Тут не одна физиология. Любовь превращена в кумир, стала религиозным чувством. Из любимой создан фантом, мираж. Одиночество, отсутствие социальных скрепов с людьми, голый эгоцентризм заставляют бежать в царство феерий, обожествлять «человеческое и простое». Не будь герой Маяковского «сажень ростом», не обладай он зычным «о-го-го» — он, наверное, нашел бы выход из своего смертного, могильного одиночества в потустороннем мире, сочинил себе подходящего бога и поместил бы его подальше от земли. Но он слишком прирос к земле, слишком любит жизнь, как она есть, и он создает фантом, кумир из своей земной любви. Поразительное дело. Ухающая, ревущая, рвущая, трубная, площадная поэзия Маяковского с открытым и грубым эгоцентризмом, с подчеркнутым презрением ко всем величайшим авторитетам и культурным ценностям, с небрежением, с равнодушием и позевотой «к табуну», как только касается «этой темы», становится кроткой, целомудренной, робкой, неуверенной, нежной, лирической, покорной, просящей и молитвенной. Герой, поставивший надо всеми nihil, ненавидящий все бытовое, сложившееся, вдруг теряет свой нигилизм, бунтарство, свою «нахальность», панибратское, снисходительное похлопывание по плечу кого угодно — Толстого, Руссо, революцию, вселенную — и становится неуклюжим и застенчивым, угловатым гимназистом 6 класса:
Я бегал от зова разинутых окон. Любя убегал — пуская однобоко, пусть лишь стихами лишь шагами ночными. Строчишь и становятся души строчными. И любишь стихом, а в прозе немею. Ну вот не могу сказать, не умею Но где любимая, где моя милая, где — в песне! Любви моей изменил я? Здесь каждый звук чтоб признаться, чтоб крикнуть, А только из песни — ни слова не выкинуть… …Скажу: смотри даже здесь, дорогая, стихами громя обыденщины жуть имя любимое оберегая тебя в проклятьях моих обхожу(«Про это»).
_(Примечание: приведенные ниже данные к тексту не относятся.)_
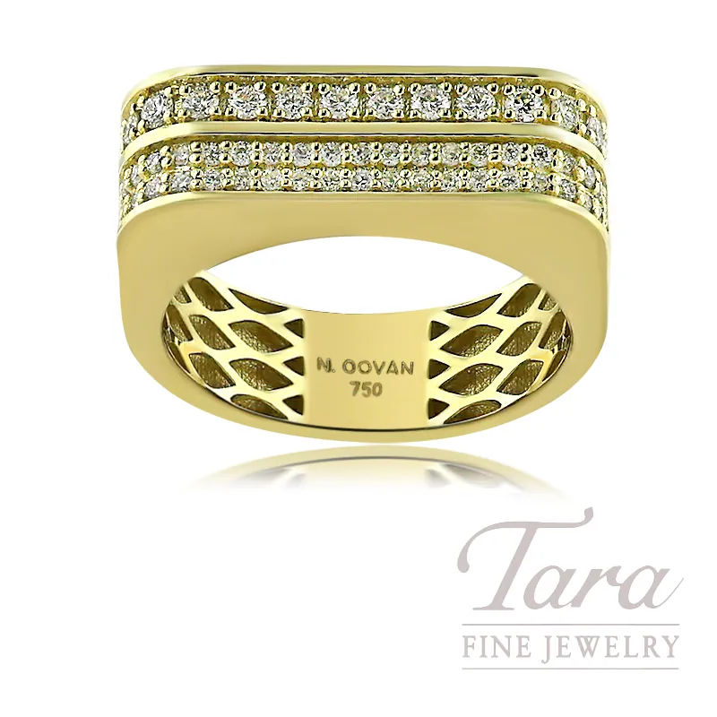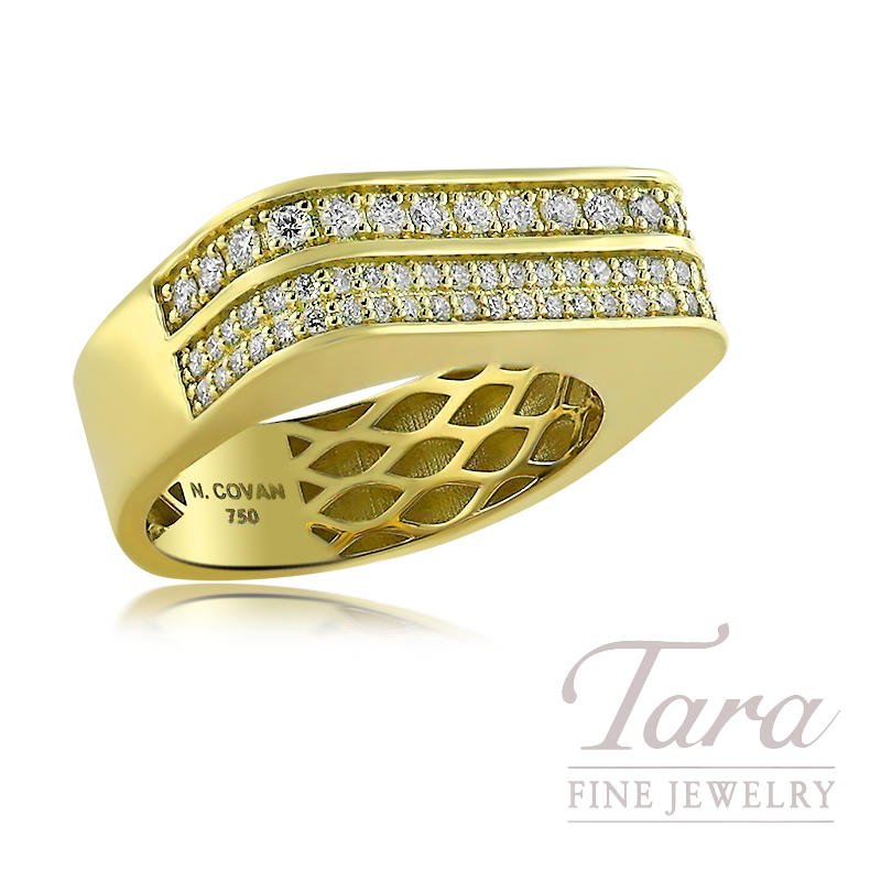 Drawing inspiration from diverse cultures and historical empires, famed designer Norman Covan has created a memorable piece in this 18K Yellow Gold Diamond Double Tiered Diamond Ring. Crafted on the precious metal foundation of 18K Yellow Gold, at 6.9G, this stately Diamond Ring leaves a remarkable impression! With 64 Round Natural Diamonds across the band .60TDW, this lovely Diamond Ring yields infinite sparkle!

Лев укрощен, посажен в клетку, стал покорным. Голодная тоска, страстная исступленность, необузданность желания, нетерпеливое — хочу, сейчас, полностью, для меня, для одного — уступило место стиху — молитве. Крайний индивидуализм переплавился в чувство самоотверженности. Укрощенный строптивый готов ждать годы, всю жизнь, ограничивать себя, он просит лишь «раз отозваться на стих» — не больше. И если бы любимая предложила бунтарю завести герань душистую, повесить клетку с канарейкой и веселенькие занавесочки на окнах — кто знает — он сделал бы это и многое подобное не хуже других, вросших по уши в тину быта. К счастью, любимая лишила героя Маяковского этой муки, когда большого бунтаря покорно приводят в комнату с геранью и кенаром. Она вложила в него другую муку неразделенной, «немыслимой» любви. И он вымаливает, просит, как нищий, боится признаться, немеет. Это про «немыслимую» любовь написано им: «и когда мой голос похабно ухает от часа к часу целые сутки, может быть, Исус Христос нюхает моей души незабудки»[33].